Ma penso che oggi il PD, prima di rincorrere quelli che a vario titolo (ben pochi a sinistra) hanno votato NO, debba puntare a fidelizzare ed a rendere voti politici quei 13 milioni e passa (dentro cui già ci sono, lo ricordo ancora, l’80% degli elettori PD).

Ricordo che Bersani nel 2013 portò a casa miseri 8 milioni di voti, facendosi scavalcare sul territorio nazionale da Grillo, ricordo che alle europee il PD prese circa 11 milioni di voti.
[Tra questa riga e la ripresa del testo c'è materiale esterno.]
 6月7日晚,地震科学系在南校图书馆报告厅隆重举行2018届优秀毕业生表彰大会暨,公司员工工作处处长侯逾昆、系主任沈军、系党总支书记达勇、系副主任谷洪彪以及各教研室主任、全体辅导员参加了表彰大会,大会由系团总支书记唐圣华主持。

Dentro il 60% c’è di tutto, il voto del SI, pur non essendo un voto al PD, è un voto compatto. Nel NO ci sono quelli del family day incazzati per le Unioni civili e ci sono i razzisti che ci rimproverano la nostra politica verso gli sbarchi, c’è Monti che ci rimprovera di non tagliare ancora di più la spesa pubblica, c’è quella alta dirigenza statale (il vero potere che non cambia mai) a cui si stavano per togliere tutta una serie di privilegi e c’è quella vecchia politica (anche di sinistra) che da 2 anni e mezza non tocca più palla dopo non averla fatta toccare per decenni a nessun altro.
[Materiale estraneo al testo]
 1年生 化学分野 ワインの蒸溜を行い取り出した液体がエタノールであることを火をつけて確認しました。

Non nego che dentro quel 60% ci possa essere anche un malessere reale, soprattutto tra i giovani che in massa hanno votato NO, oppure un dissenso nel merito.

Ma se mi permettete in primis io vorrei ascoltare e non far scappare quella massa riformista che ha votato SI e che è il bacino naturale e sperimentato del PD.

E’ vero, quel 40% non sono voti al PD. Ma se riuscissimo a conquistarli tutti non ce ne sarebbe per nessuno.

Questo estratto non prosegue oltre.